Where is the economic logic in building a project, whose very thought to many, is at variance with those caught up in the deep class and social divide and who are at the brunt of the hellish hole that we now find ourselves?
Surely, the aspiration should be to provide a plausible and sensible road map to moving faster to breach the gap in a way that makes public infrastructure formidable enough to bear the weight of the dreams of millions of Sierra Leoneans and not the desires of a minute few and a legion of foreign hawks.

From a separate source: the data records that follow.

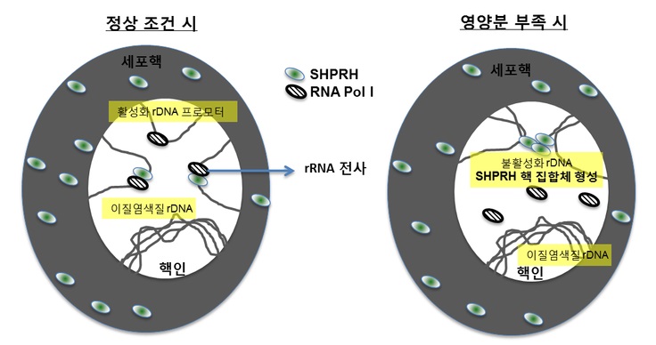 노화 막는 세포 다이어트, DNA 복구 단백질(SHPRH)이 열쇠- IBS, SHPRH단백질이 리보솜의 단백질 생산 조절하는 과정 밝혀 - 절식요법, 간헐적 단식 등이 주는 건강 효과는 익히 알려져 있다. 체중 감량을 위해 과도하게 단식하는 것은 몸을 해치겠지만, 적절한 단식이나 소식은 오히려 건강에 좋다는 연구 결과들이 알려지면서 건강 다이어트의 열풍이 불었다. 그런데, 왜 단식하거나 적게 먹으면 건강해지는 걸까? 그 비밀은 세포의 엠토(mTOR) 메커니즘에 있다. 기존 연구에서 세포는 영양분이 부족한 경우, 엠토라는 인산화 효소를 이용해 단백질 생산을 줄이는 다이어트를 한다고 알려져 있다. 세포의 다이어트로, 우리 몸은 노화나 암과 같은 질병이 진행되지 않도록 대사를 조절할 수 있는 것이다. 실제로 암과 같은 질병에서 엠토 메커니즘의 조절이 제대로 일어나지 않는 것이 발견됐다. 즉, 세포의 단백질 다이어트 덕분에 우리 몸의 건강이 제대로 유지될 수 있다고 볼 수 있다. 엠토 메커니즘은 단백질 합성 공장인 리보솜의 DNA 전사를 억제하는 방식으로 이루어진다. 그러나 이 메커니즘은 항노화나 항암 효과를 갖는 것으로 알려져 있을 뿐, 여기에 작용하는 단백질이나 구체적인 리보솜 DNA의 전사 억제메커니즘이 정확하게 알려지지 않았다. 특히 리보솜 DNA를 RNA로 전사하는 RNA 중합효소가 어떻게 전사 대상이 되는 DNA를 인식하는지에 대해서도 알려진 바가 없었다. 이에 따라 IBS 유전체 항상성 연구단 명경재 단장 연구팀은 RNA 중합효소가 DNA를 인식하도록 하는 데 SHPRH라는 단백질이 작용함을 새롭게 밝혔다. 세포 내 리보솜이 합성되는 곳인 핵인(nucleolus)을 염색해 SHPRH 단백질이 이곳에 위치할 수 있음을 확인하였으며, 추가 실험으로 이 단백질이 RNA 중합효소가 결합하는 리보솜 DNA의 프로모터 부위에 많이 존재하는 것을 관찰했다. 또한, 엠토 효소를 억제하는 물질을 세포에 처리하자, DNA 프로모터에 결합한 SHPRH 단백질의 양이 감소하는 것을 확인했다. 종합하면, SHPRH 단백질은 엠토 효소를 이용해 DNA의 프로모터 부위에 결합하고, RNA 중합효소 복합체와 직접 결합, RNA 중합효소가 DNA를 인식하도록 도와 리보솜 DNA의 전사를 조절한다. 염색체는 DNA와 히스톤 단백질로 구성되어 있는데, 이들의 변형은 DNA 전사 여부를 결정한다. SHPRH 단백질은 RNA 중합효소 복합체에 직접 결합하고 엠토를 이용하여 히스톤 단백질(특히 히스톤 단백질 중 하나인 H3)에 결합함으로써 리보솜 DNA의 전사를 조절한다는 것이 이 연구를 통해 밝혀진 것이다. 또한, 정상 조건의 세포와 영양분이 부족한 세포의 SHPRH 단백질 분포 양상을 비교한 결과, 영양분이 충분한 경우에는 SHPRH 단백질이 리보솜 DNA 프로모터에 포진해있는 데 반해 영양분이 부족한 경우에는 서로 응집해 집합체를 형성하는 것을 관찰했다(그림 2 참조). 이렇게 형성된 SHPRH 단백질 집합체는 RNA 중합효소와 결합할 수 없어 리보솜 DNA의 전사과정이 억제된다. SHPRH 단백질은 세포의 영양 상태와 같은 외부환경의 변화에 따라 세포 내 분포도를 바꿔 단백질 생산을 조절한다고 볼 수 있다.
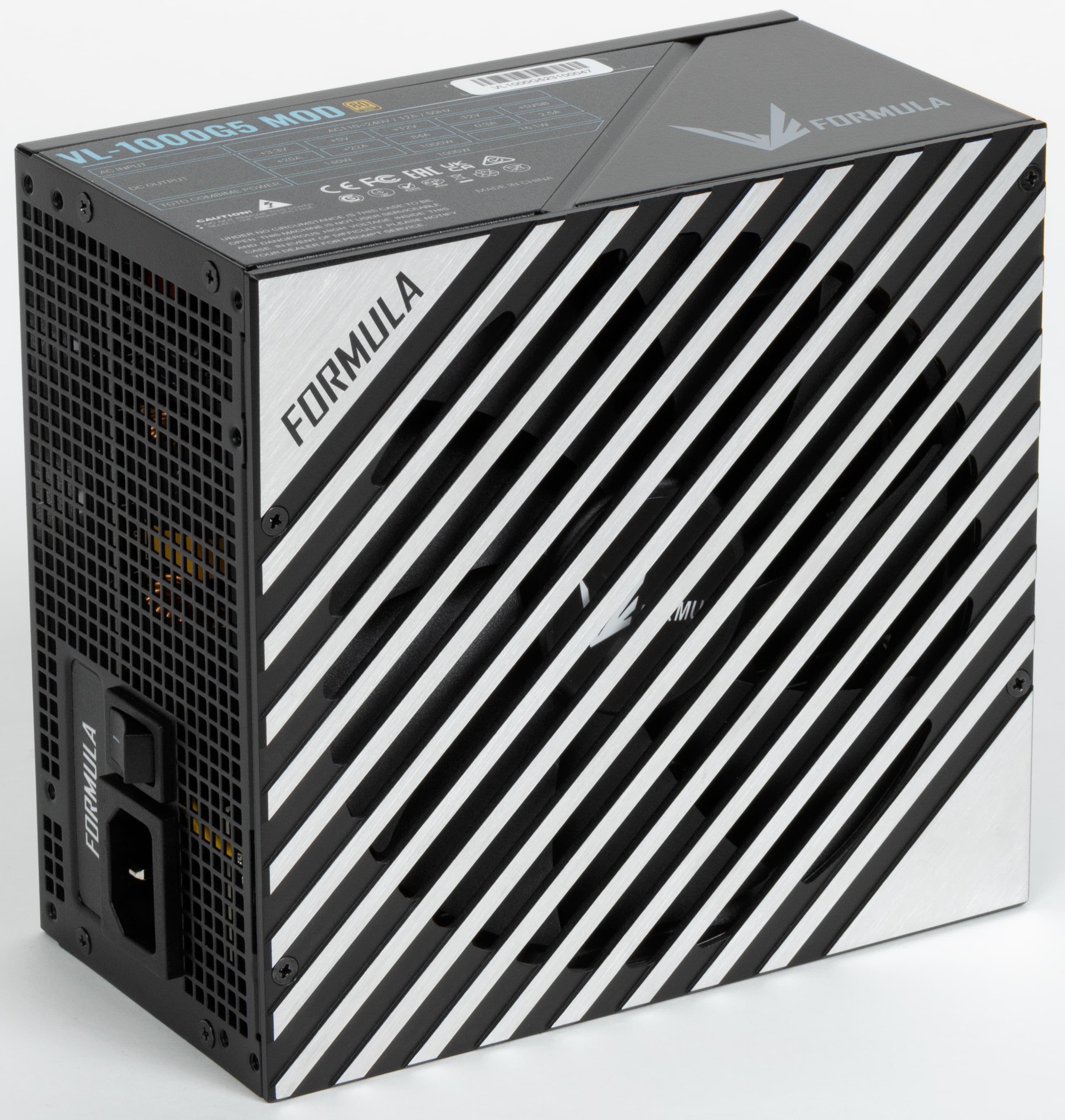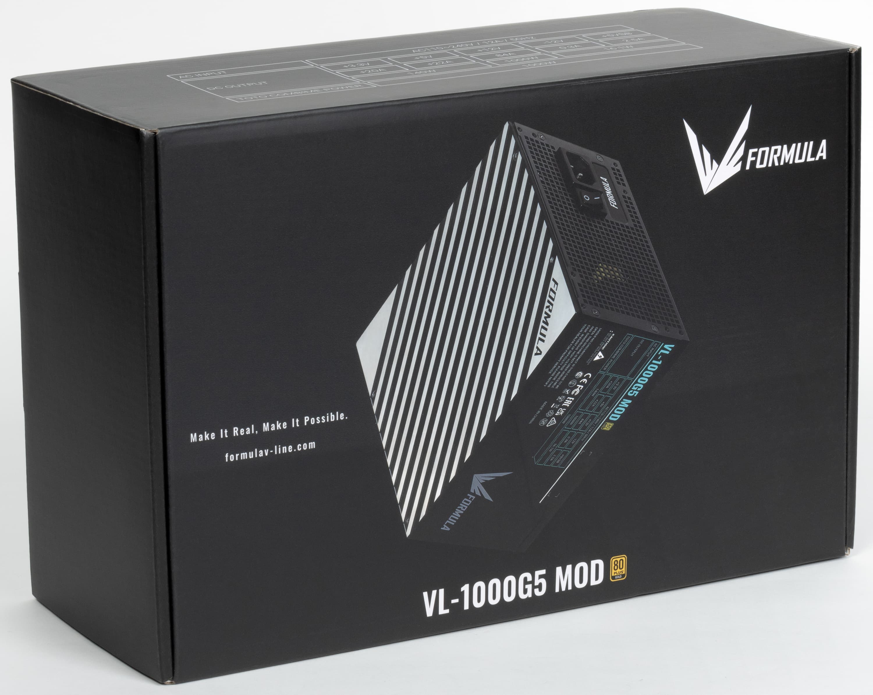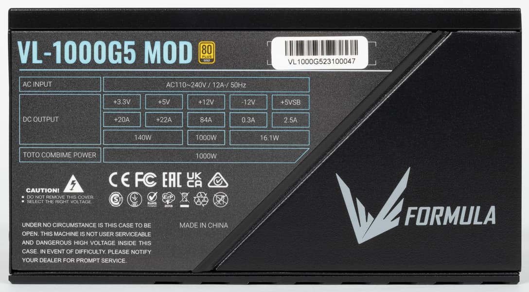 Блок питания имеет невразумительное, «каталожное» название Formula VL-1000G5-MOD. Он представляет собой источник питания с сертификатом 80Plus Gold. По нынешним временам это среднебюджетное решение — разумеется, для сегмента БП столь высокой мощности.
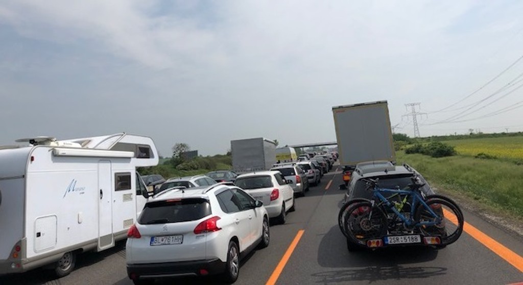 Vodiči čakali v dlhých kolónach, ktoré sa začínali za Bratislavou. Upchaté boli aj vedľajšie cesty.

The truth is that for Sierra Leone to truly move forward, those in power should realise that they need to display an epitome of a determination to chisel out a mark that will never fade; as well as possess the huge incisors of a big beast of the jungle, that will show the leadership intent to regain Sierra Leone’s lost glory.
A child on a farm sees a plane fly overhead and dreams of flying. But the pilot on the plane sees the farmhouse and dreams of returning home. Sierra Leoneans are desirous of having a country that is built on their needs and not the dictate of outsiders.
My prayer is for the leadership of our country to invest serious efforts in making our country united with happy and contented citizens.
Right now, nothing is working well for most Sierra Leoneans who lack the good things of life and even the basic necessities. Why should things that benefit a few take priority over that which the majority would be the happier.
Let those in power realise that nothing lasts forever.